Prevention of hydrocephalus
Pregnancy - regular prenatal care can significantly reduce the risk of having a premature baby, which reduces the risk of the baby developing hydrocephalus.
Infectious diseases - make sure you have had all your vaccinations and attended all the screenings that are recommended for you.
Meningitis vaccine - meningitis used to be a common cause of hydrocephalus. Ask your doctor whether you should be vaccinated. Vaccination is recommended for individuals who are travelling to parts of the world where meningitis is common, people with terminal complement deficiency (an immune system disorder), patients who either had their spleen removed or have a damaged spleen, and military personnel.
Preventing head injuries
Car seat belts:
- Wear a seatbelt every time you drive your car or ride as a passenger.
- Make sure children are buckled up using either a safety seat, booster seat, or a seat belt that is suitable for the child's size and age. When children outgrow their safety seats - usually when they weight about 40 pounds (18 kilos) - they should start using a booster seat.
- Children should continue using the booster seat until the lap/shoulder belts fit properly; usually when they are about 4ft 9inches (1meter 45 centimeters) tall.
Drinking and driving
Never drive when you are under the influence of alcohol.
Helmets or specific protective headgear should always be worn when:
bicycle helmets save lives
- Batting in baseball/softball or cricket (and running bases in baseball)
- Engaged in contact sports, such as karate, boxing, or American football
- Riding a horse
- Riding on a motorbike, bicycle, snowmobile, scooter, or all-terrain vehicle (both riders and passengers)
- Using a skateboard
- When roller-skating or in-line skating.

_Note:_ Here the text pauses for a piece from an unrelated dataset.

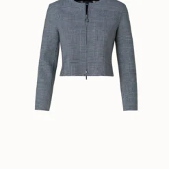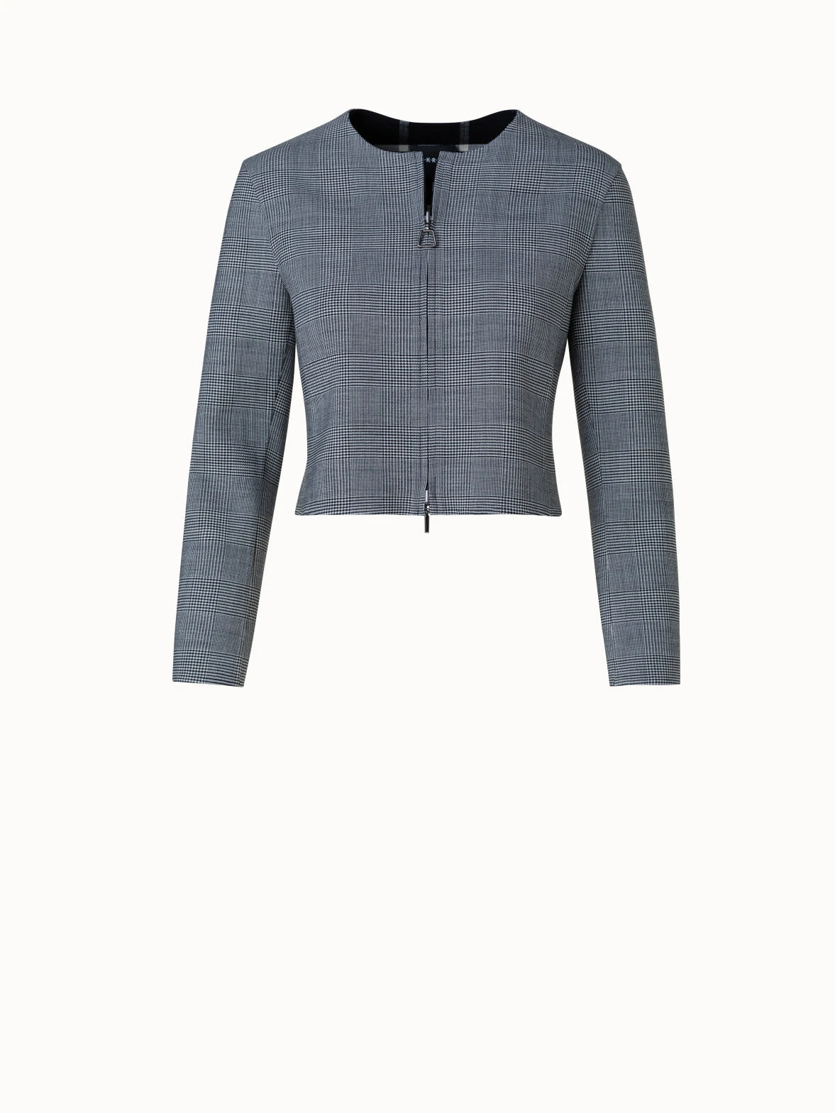 This Akris jacket Pippa is crafted in wool stretch double-face, showcasing two check patterns in an elegant, reversible style. This cropped style features a round neck, tailored cut, and long sleeves. The double-zip completes this versatile style.

Living areas for seniors (UK: elderly people):
- Grab bars should be installed next to the bathtub, shower and/or toilet
- Seniors should keep physically active to make sure lower body strength and balance is adequate (thus lowering the risk of falls)
- Make sure lighting in the house is bright enough
- On bathtub and shower floors use nonslip mats
- Remove throw rugs and other objects which may be cause tripping
- Stairways should ideally have handrails on both sides.
Living areas for children:
- Install window guards
- Place safety gates at the bottom and top of stairs if the children are young.
Children's play areas
The ground surface of a child's playground should be made of hardwood mulch, sand or some specific shock-absorbing material.
Firearms should be stored, unloaded, in a locked safe or cabinet. Bullets should not be stored in the same location.